1 minute read

Noela Roibås LOVE AFTER THE QUAKE

When Spanish-born, London-based photographer Noela Roibás visited Nepal in early 2017, she was struck by the number of young couples she noticed. In Nepal, traditional practices still reign: arranged marriages, “chhaupadi”—a practice where women are banned from their homes during menstruation—and the general treatment of women as the property of men from birth.

“Women and girls have little to no access to education and are denied control of their bodies, healthcare choices and ultimately, their lives,” she says. “They have little opportunity to fight for anything but their own lives.”

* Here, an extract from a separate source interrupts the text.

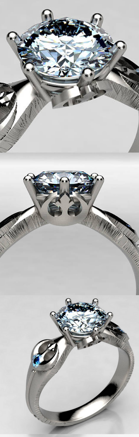 Our craftsmen have brought to life futuristic styled rings that embody all things Star Wars. My partner LOVES Star Wars thought of this ring for him as a wedding band. Called the Star Wars Rebel Alliance and Jedi Order Engagement Ring the design is a mashup of battleship hardware R2s signature blue and the Jedi Orders insignia in silver with sapphires and a princess-cut.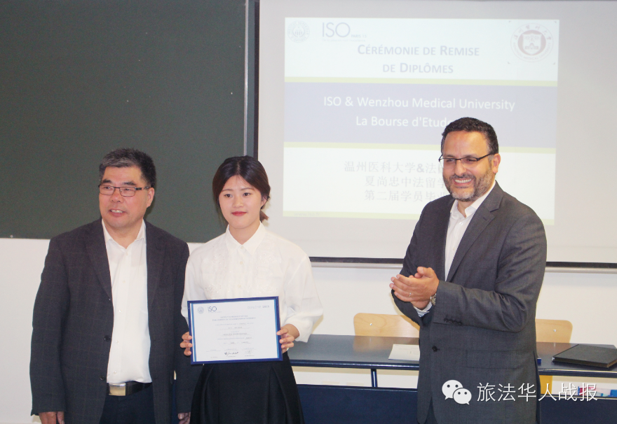 (新欧洲战报实习记者 王希)5月21日晚7点,第二届夏尚忠中法留学奖学金项目毕业典礼顺利举行。典礼由法国高等视光学院(ISO optique)和温州医科大学共同举办,知名华商、法国华人进出口商会名誉会长夏尚忠,与法国高等视光学院董事长Stéphane先生共同为完成这一交换项目的温州医科大学学生和游学企业家颁发毕业证书。 ![]() Stéphane先生在毕业典礼上对毕业生们表示热烈祝贺,对他们在法国的专业学习和在香榭丽舍大道眼镜店的实习给予高度评价和赞许,称通过这段时间的学习和实习,不仅提高了专业技能,而且吸收了异国文化,相信对今后的职业生涯大有裨益。 夏尚忠先生在发言中介绍了他设立“夏尚忠中法留学奖学金”的初衷,他表示,中法文化交流日益密切,有必要让更多的中国年轻人走出国门,也有必要让更多的外国人了解中国,设立奖学金就是鼓励这种文化交流的一种方式。他表示,今后还会持续提供更丰厚的奖学金,让更多中国优秀学生有机会来法国留学,促进中法两国人文交流。

She started interviewing and making portraits of couples to learn more about this divergence from traditional cultural norms. Among the couples she met were a woman named Maya and her boyfriend, in a park where “young couples go to cuddle privately.”

Training her lens on Maya, whom she befriended and lived with during her month in the country, “Love After the Quake,” became Roibás’ poetic homage to a new generation of feminism that’s bubbling just below the surface in the wake of a country still recovering from the devastating earthquake of 2015.

Through her quiet and intimate photographs, Roibás hopes to tell a more hopeful story about Nepal’s future: “There are many educated women there, fighting for their independence and rights—I believe it's necessary to know that and support them.”

She says she was lucky to witness the culture from the inside and to see that “women are really done with patriarchy and are fighting for their rights and freedom.”